Le TGF prévoit aussi que les trains circuleraient plus vite, jusqu’à 200 km/h. Ceci engendrera donc des gains sur tous les trajets. Montréal-Québec se ferait en 2 h 55 min ou 3 heures, plutôt qu’en 3 h 24 min à l’heure actuelle. Toronto-Montréal pourrait se faire en 4 heures, plutôt que 5 heures.

Fait à noter, Laval doit être desservi par le TGF, tout comme Trois-Rivières. Ottawa le sera aussi avec un embranchement. Mais il sera toujours possible de faire Montréal-Toronto sans passer par la capitale. Une gare sera par ailleurs construite à l’aéroport Jean-Lesage, à Québec.

« Ça va constituer une solution de rechange viable à la voiture, ce qui, nous l’espérons, désengorgera le réseau routier, diminuera le coût d’entretien des routes et diminuera [l’émission de] gaz à effet de serre », a expliqué le maire de Québec, Régis Labeaume.

« Une victoire pour Québec »

L’annonce de mardi représente, selon M. Labeaume, « une victoire pour Québec ». « Depuis que je suis maire de Québec, depuis bientôt 14 ans, régulièrement, on a remis en question la pertinence du tronçon Québec-Montréal au nom de la rentabilité », a rappelé le maire.

Jusqu’à tout récemment, certains membres du caucus libéral auraient préféré un TGV dans l’axe Toronto-Montréal. Les élus québécois du Parti libéral du Canada tenaient quant à eux mordicus à ce que Québec et Trois-Rivières soient reliés, ce qui aurait été difficile à justifier avec un TGV.

« Nous avions raison de nous battre pour que la ville de Québec soit incluse dans le projet », a lancé Régis Labeaume, qui a remercié abondamment les élus Jean-Yves Duclos, François-Philippe Champagne et Joël Lightbound.

Le PDG de la Chambre de commerce et d’industrie de Québec s’est réjoui de l’annonce. « Il y a une réelle demande de la clientèle d’affaires. Actuellement, il y a une efficacité de moins de 70 %. Ça veut dire qu’une fois sur trois, tu pars en train le matin, tu as une réunion d’affaires et tu es en retard. Ça n’incite pas les gens d’affaires à prendre le train, qui vont souvent prendre l’auto », note Steeve Lavoie.

La Chambre de commerce du Montréal métropolitain a aussi salué l’annonce, qui « fait écho à des revendications de longue date du milieu des affaires de la métropole ».

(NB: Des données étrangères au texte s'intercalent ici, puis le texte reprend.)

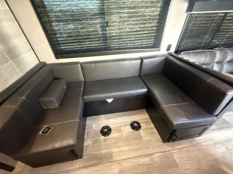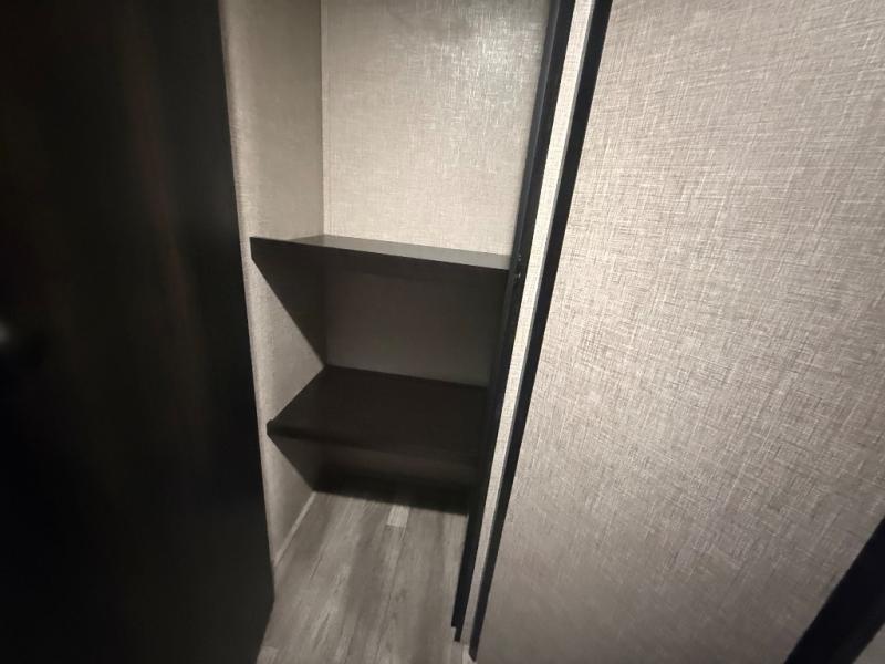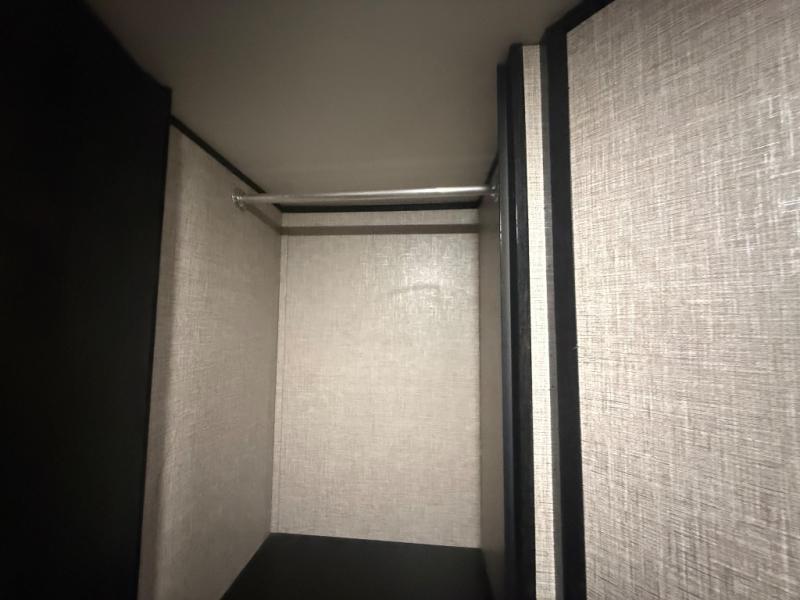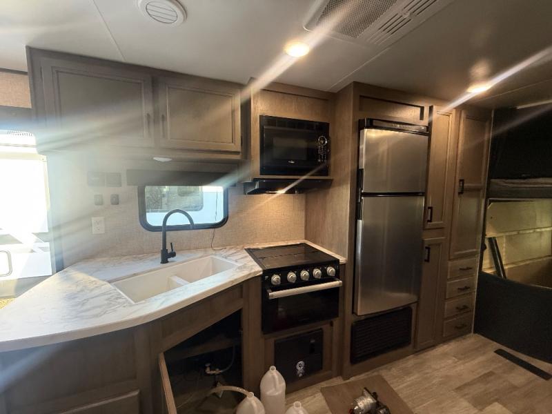 The kids or grandkids will have a fun time sleeping on the set of 48" x 80" double bunk beds in this travel trailer! You will enjoy your own privacy with the front bedroom which has a 60" x 74" queen bed, two wardrobes, and a closet to keep your clothes looking nice. Everyone can enjoy a meal or play a card game at the U-shaped dinette and enjoy the entertainment center across from a jack-knife sofa which can be switched out for the optional tri-fold sofa. You can even breathe in some fresh air while you cook dinner thanks to the outside kitchen!
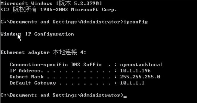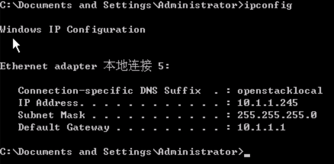 1、远程桌面方式登录到CA服务器,在CMD下查看本机IP地址:CA服务器IP为10.1.1.245
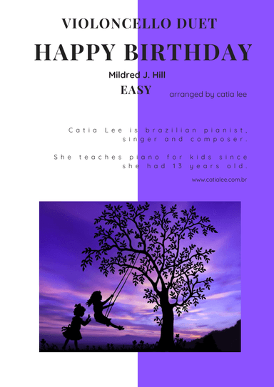 Cello Duet Cello - Level 1 - Digital Download SKU: A0.529567 Composed by Mildred J. Hill. Arranged by Catia Lee. Children,Classical,Holiday,Multicultural,Traditional,World. Score. 2 pages. Catia Lee #139888. Published by Catia Lee (A0.529567). Happy birthday for violoncello duet. Easy to play. This product was created by a member of ArrangeMe, Hal Leonard’s global self-publishing community of independent composers, arrangers, and songwriters. ArrangeMe allows for the publication of unique arrangements of both popular titles and original compositions from a wide variety of voices and backgrounds. About Digital Downloads Digital Downloads are downloadable sheet music files that can be viewed directly on your computer, tablet or mobile device. Once you download your digital sheet music, you can view and print it at home, school, or anywhere you want to make music, and you don’t have to be connected to the internet. Just purchase, download and play! PLEASE NOTE: Your Digital Download will have a watermark at the bottom of each page that will include your name, purchase date and number of copies purchased. You are only authorized to print the number of copies that you have purchased. You may not digitally distribute or print more copies than purchased for use (i.e., you may not print or digitally distribute individual copies to friends or students).
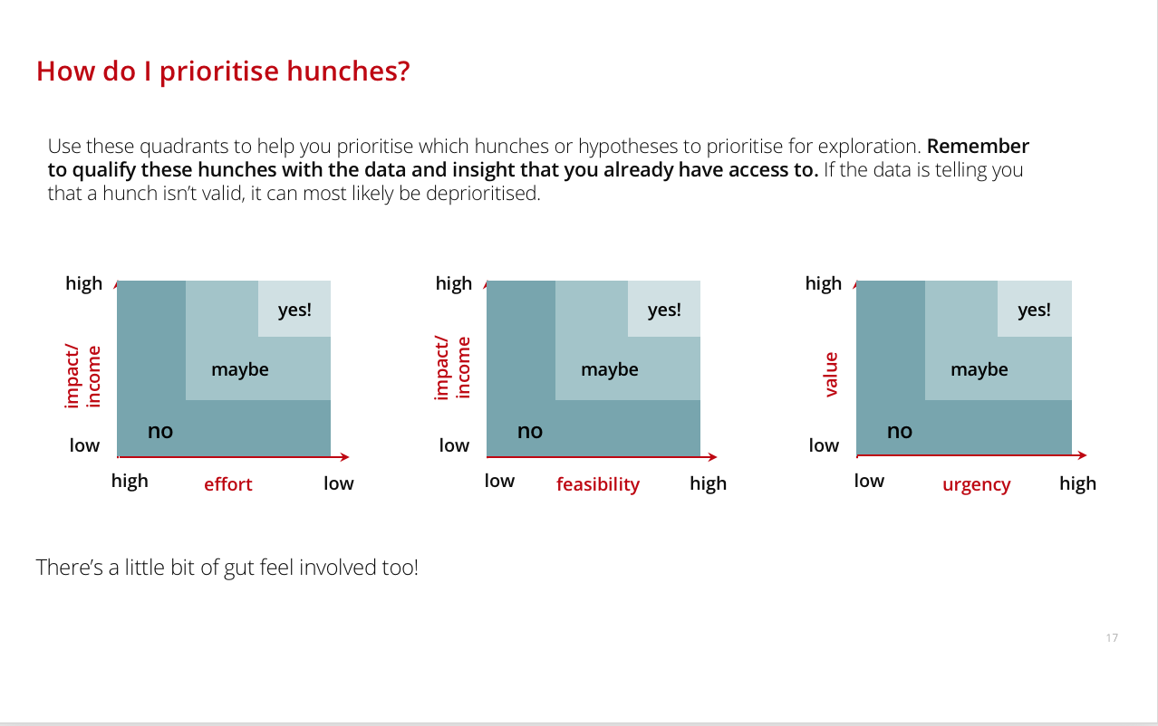 Use these quadrants to help you prioritise which hunches or hypotheses to prioritise for exploration.
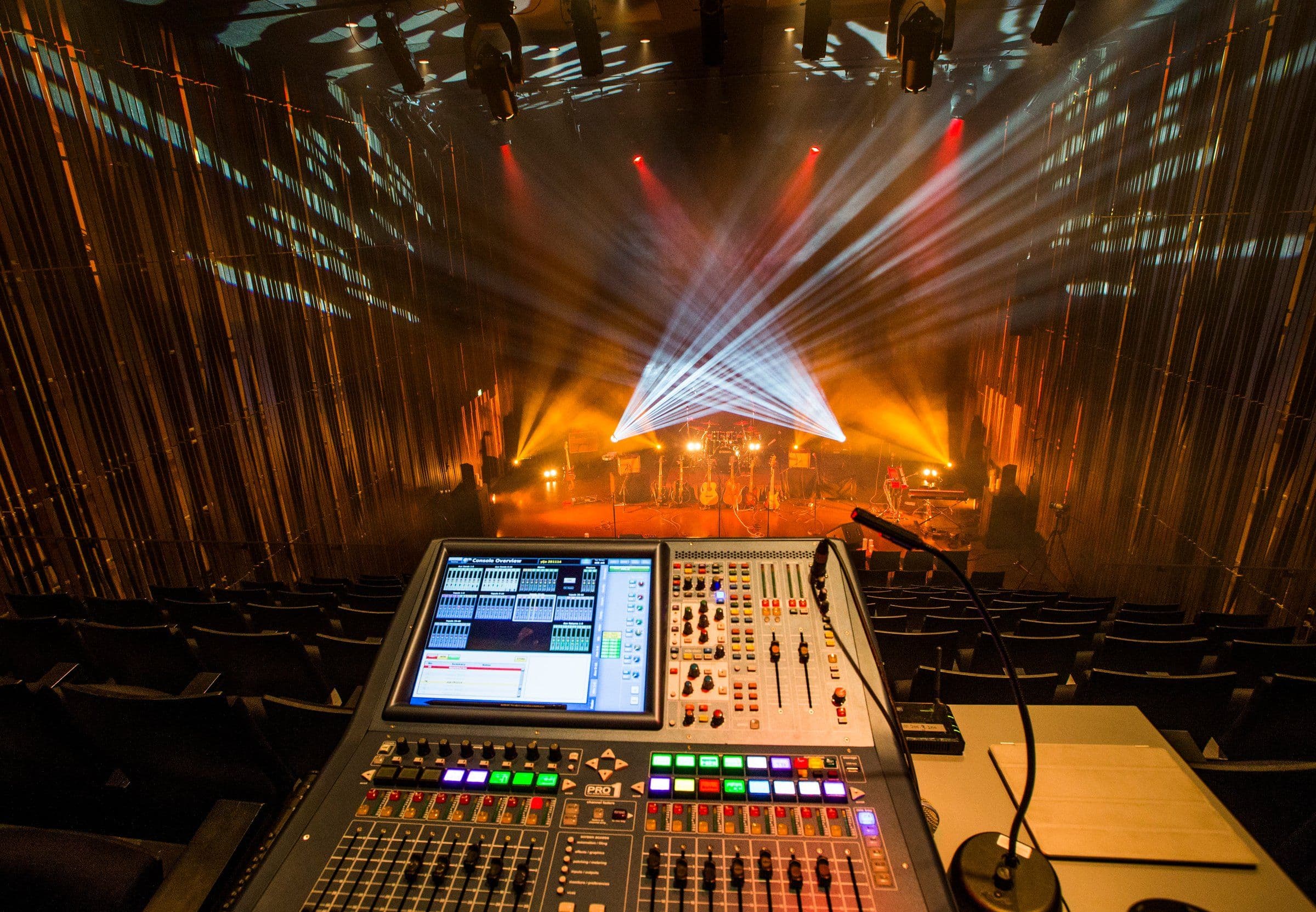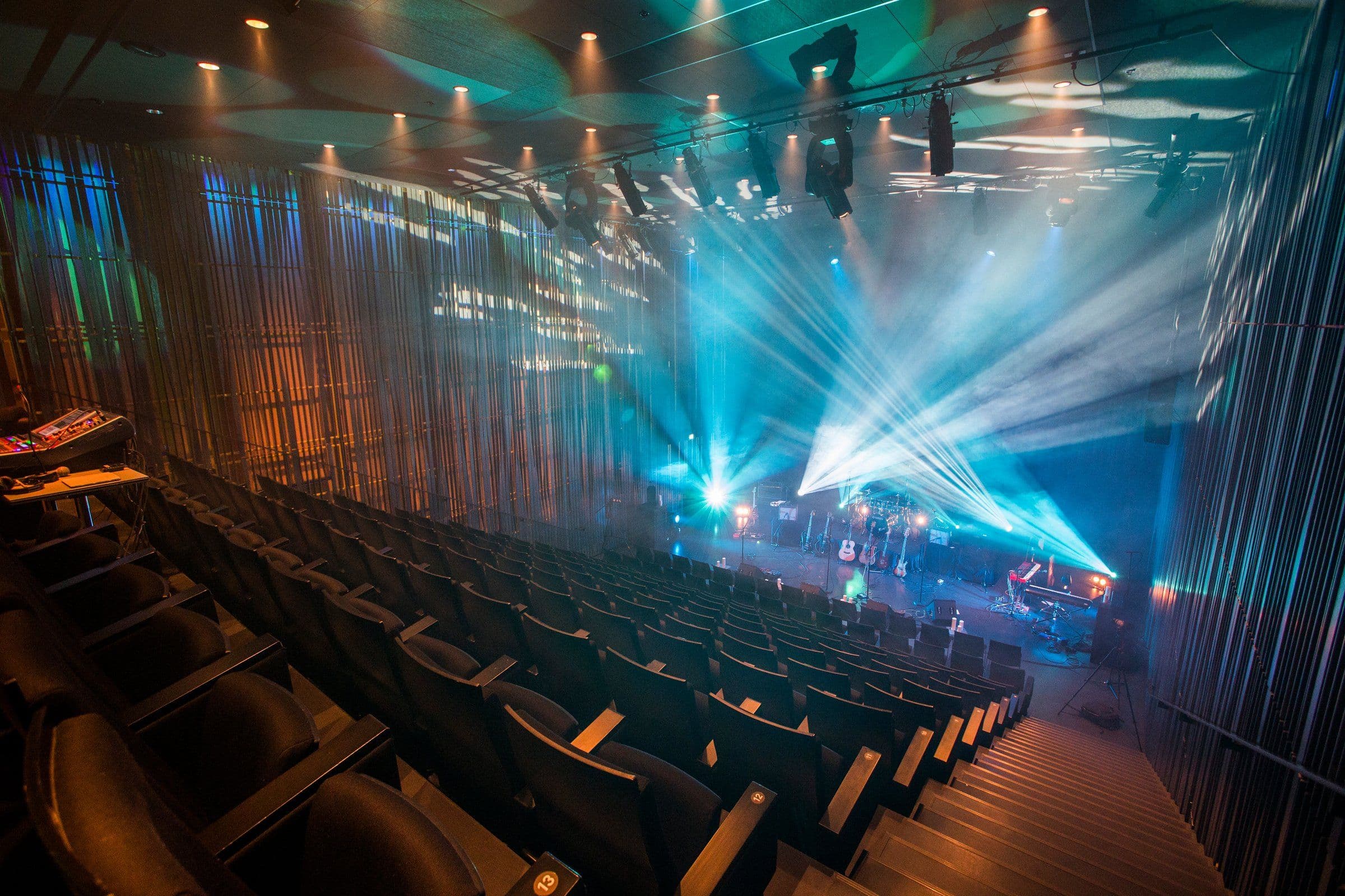 The hall features adjustable reverberation time, allowing Kaldalón to be tailored for different types of events. The seating is fixed and arranged on a sloped gradient toward the stage area. The stage itself is movable, and the floor can also be used as a platform for musicians.

Les quelque 500 millions annoncés dans le dernier budget serviront surtout à défaire des « goulots d’étranglement » qui existent dans le réseau, notamment autour de Montréal.

Le gouvernement lancera le processus d’approvisionnement. Ottawa veut consulter les Premières Nations et les communautés établies le long du tracé. Des expropriations sont à prévoir. Il veut aussi discuter avec les entreprises de chemin de fer privées, notamment pour négocier des accès exclusifs au cœur des villes.

Puis, à l’automne, Ottawa veut lancer l’appel d’offres pour un partenaire privé.

Annonce préélectorale ?

Le temps choisi pour cette annonce fait dire au chef adjoint du Nouveau Parti démocratique que les libéraux « sont déjà en campagne électorale ».

« Ils ont fait le même coup en 2019. Ça fait six ans qu’ils sont au pouvoir et ce n’est qu’aujourd’hui qu’ils commencent sérieusement à s’intéresser à cet enjeu pour lequel on milite depuis longtemps », a réagi Alexandre Boulerice dans un courriel.

« On parle d’investissements de l’ordre de 12 milliards ? Où sont ces sommes ? Les libéraux n’ont prévu que des miettes dans leur dernier budget », a-t-il ajouté.

Le Bloc québécois s’est quant à lui réjoui que Trois-Rivières et Québec fassent partie du scénario. Mais le parti de l’opposition estime qu’« il s’agit d’un énoncé d’intention qui a toute la nature d’une promesse électorale ».

« Cela fera maintenant six ans et trois élections que le projet figure parmi les promesses électorales libérales, et il n’y a toujours aucune garantie que le projet se concrétisera dans les faits », estime le porte-parole en matière de transports du Bloc québécois, Xavier Barsalou-Duval.

Au Parti conservateur, la députée Stephanie Kusie a quant à elle parlé de « répétition d’annonce ».